N-Methylnorsalsolinol (NMNSAL), also known as 2-methyl-6,7-dihydroxy-1,2,3,4-tetrahydroisoquinoline (2-MDTIQ), is an endogenous dopaminergic neurotoxin, present in healthy individuals and at high levels in the cerebrospinal fluid of individuals with Parkinson's disease. Structurally, it is an isoquinolinol, which is norsalsolinol substituted with a methyl group at position 2. It can also be characterized as a rigid cyclized analogue of epinine.

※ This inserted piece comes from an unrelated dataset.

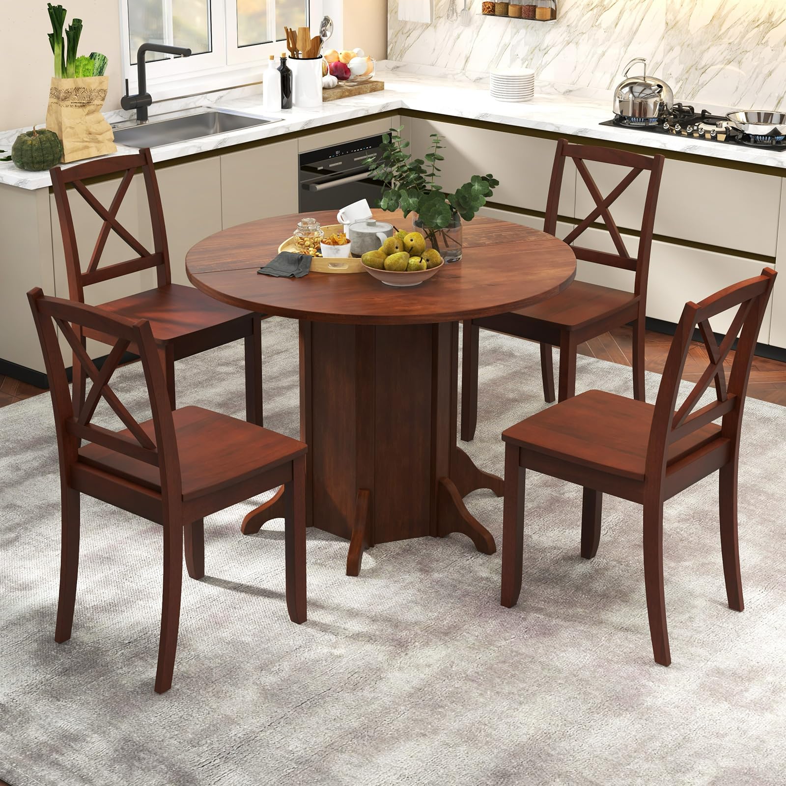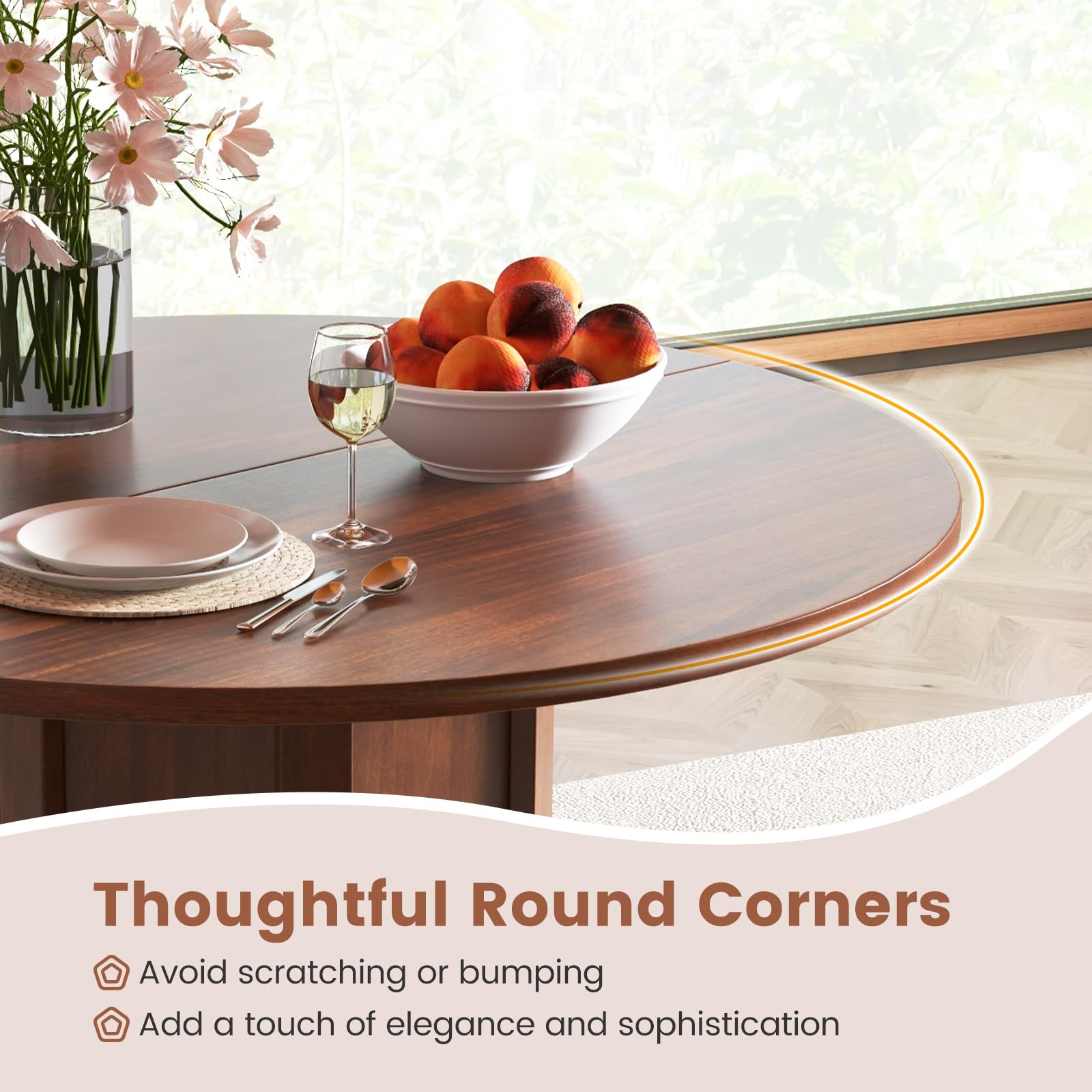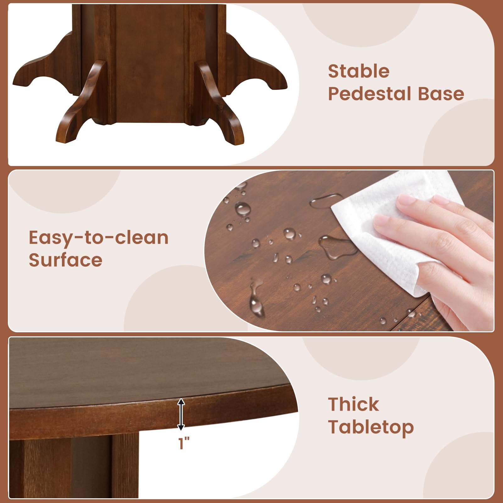 Our round dining table measures 42” x 30”(Dia. x H), which could seat up 4-6 people, making it ideal for intimate dinners or festive gatherings. Featuring warm and luxurious finishes complemented by soft round corners, it could create a cozy yet sophisticated ambiance in your home. Other than that, the kitchen table is supported by a solid pine wood frame and reinforced by a pedestal base, which is built for stability and durability, ensuring a secure dining experience. Cleaning and upkeep are also a breeze with the waterproof MDF tabletop. Make every meal a memorable experience with our wooden round dining table!
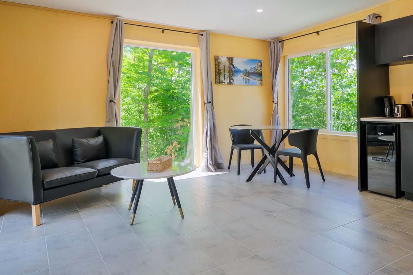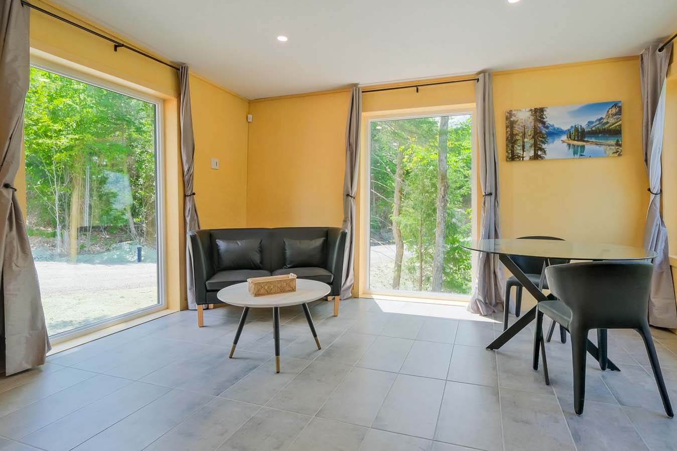 The living room is open with a very comfortable sitting area which offers a direct view of the beautiful surroundings through three large glass windows. The kitchen area is full-equipped and includes hotplates, refrigerator and everything you need to prepare a meal. In the middle of the room is a dining table and two chairs.

The biosynthesis of the neurotoxin N-methynorsalsolinol is carried out by enzymatic condensation of dopamine into salsolinol with its subsequent methylation under the action of neutral N-methyltransferase. In rats and humans, the biosynthesis of the neurotoxin N-methylnorsalsolinol is carried out by Pictet-Spengler condensation from N-methyldopamine (epinine) and aldehydes.

N-Methylnorsalsolinol has been detected as a metabolite in humans and rodents, as it is formed in the process of side metabolism of dopamine.

== Pharmacology ==
=== Pharmacodynamics ===
N-Methylnorsalsolinol has shown high biological activity. It inhibits the tyrosine hydroxylase enzyme in vitro. It also inhibits the activity of the enzyme monoamine oxidase (In particular MAO-A), disrupting the natural breakdown of dopamine in the basal ganglia. It probably also blocks the mechanisms of transport and uptake of neurotransmitters on the membranes of nerve cells.